[Records from a data collection]
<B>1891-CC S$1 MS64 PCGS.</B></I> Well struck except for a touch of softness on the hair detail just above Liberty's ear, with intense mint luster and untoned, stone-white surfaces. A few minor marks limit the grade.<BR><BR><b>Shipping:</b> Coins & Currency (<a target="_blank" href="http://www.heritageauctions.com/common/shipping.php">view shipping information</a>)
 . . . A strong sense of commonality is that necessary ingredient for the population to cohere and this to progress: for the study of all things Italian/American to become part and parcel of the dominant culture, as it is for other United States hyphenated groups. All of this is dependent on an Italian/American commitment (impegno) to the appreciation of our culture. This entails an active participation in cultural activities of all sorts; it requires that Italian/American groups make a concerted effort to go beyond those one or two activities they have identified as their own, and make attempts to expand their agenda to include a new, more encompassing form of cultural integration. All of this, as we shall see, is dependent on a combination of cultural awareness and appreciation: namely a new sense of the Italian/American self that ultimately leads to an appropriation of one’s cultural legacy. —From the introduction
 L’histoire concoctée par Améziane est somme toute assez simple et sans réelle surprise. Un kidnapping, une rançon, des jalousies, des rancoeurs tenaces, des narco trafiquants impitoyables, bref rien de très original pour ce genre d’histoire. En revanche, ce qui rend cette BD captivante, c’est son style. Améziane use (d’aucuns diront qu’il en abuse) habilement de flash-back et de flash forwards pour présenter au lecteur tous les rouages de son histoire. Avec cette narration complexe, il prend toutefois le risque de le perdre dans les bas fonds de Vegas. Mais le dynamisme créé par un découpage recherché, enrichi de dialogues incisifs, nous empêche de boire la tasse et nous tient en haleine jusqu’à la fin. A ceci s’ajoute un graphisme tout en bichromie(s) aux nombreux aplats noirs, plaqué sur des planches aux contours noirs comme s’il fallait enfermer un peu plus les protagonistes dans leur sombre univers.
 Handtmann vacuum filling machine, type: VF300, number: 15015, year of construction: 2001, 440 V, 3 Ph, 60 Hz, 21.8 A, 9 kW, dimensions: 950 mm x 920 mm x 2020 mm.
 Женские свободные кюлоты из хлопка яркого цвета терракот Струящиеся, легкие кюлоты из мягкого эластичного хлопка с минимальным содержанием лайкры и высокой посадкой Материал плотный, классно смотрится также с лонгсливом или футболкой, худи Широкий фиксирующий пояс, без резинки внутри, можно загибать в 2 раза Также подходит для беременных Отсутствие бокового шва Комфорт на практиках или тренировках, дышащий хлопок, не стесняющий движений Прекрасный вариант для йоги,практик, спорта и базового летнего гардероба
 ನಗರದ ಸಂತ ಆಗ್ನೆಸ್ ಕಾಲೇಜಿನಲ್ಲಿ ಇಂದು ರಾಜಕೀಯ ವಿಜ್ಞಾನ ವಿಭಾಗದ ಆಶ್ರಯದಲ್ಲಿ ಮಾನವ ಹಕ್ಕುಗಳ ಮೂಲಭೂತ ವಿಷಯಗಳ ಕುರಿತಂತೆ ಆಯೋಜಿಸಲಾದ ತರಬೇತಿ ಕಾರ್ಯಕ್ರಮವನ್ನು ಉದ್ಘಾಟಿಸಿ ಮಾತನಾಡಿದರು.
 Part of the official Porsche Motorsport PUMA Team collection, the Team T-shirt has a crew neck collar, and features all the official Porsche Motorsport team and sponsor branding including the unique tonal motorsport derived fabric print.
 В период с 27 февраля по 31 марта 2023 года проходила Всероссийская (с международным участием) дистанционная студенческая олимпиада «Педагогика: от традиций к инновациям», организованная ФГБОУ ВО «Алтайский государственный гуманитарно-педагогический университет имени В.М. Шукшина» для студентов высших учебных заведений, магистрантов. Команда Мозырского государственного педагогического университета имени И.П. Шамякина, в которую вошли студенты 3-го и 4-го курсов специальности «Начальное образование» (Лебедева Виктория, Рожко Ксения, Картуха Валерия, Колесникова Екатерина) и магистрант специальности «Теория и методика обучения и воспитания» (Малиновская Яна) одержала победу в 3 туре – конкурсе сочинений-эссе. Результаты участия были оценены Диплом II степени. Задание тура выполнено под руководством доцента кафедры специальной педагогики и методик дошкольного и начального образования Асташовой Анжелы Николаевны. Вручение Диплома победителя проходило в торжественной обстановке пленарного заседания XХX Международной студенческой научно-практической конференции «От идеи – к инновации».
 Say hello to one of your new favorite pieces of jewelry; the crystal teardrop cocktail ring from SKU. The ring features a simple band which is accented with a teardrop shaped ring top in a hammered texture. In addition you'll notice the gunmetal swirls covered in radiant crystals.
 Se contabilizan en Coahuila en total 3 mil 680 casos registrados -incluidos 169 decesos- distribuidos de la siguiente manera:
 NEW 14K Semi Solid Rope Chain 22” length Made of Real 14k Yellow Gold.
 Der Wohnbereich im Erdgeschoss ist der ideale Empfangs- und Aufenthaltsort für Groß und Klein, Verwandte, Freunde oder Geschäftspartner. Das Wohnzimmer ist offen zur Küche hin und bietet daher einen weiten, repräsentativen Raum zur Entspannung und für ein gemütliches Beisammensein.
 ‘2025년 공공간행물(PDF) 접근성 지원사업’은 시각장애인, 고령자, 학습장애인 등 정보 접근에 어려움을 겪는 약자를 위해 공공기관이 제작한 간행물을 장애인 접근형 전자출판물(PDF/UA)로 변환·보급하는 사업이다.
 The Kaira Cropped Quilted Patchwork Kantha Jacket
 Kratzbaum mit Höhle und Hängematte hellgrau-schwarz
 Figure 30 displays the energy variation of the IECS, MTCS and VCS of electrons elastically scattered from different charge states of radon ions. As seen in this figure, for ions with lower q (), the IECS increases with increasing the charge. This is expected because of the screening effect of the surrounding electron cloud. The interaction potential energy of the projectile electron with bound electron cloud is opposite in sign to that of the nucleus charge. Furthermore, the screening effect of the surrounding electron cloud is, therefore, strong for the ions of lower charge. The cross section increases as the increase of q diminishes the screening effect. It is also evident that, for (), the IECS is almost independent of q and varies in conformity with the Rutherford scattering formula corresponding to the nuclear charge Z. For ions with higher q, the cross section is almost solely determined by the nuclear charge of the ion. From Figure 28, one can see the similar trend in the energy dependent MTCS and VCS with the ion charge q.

_TASK TO CARRY OUT_: Write only the number of lines in the entries where the string "features" occurs.

_OUTPUT FOR THIS TASK_: 2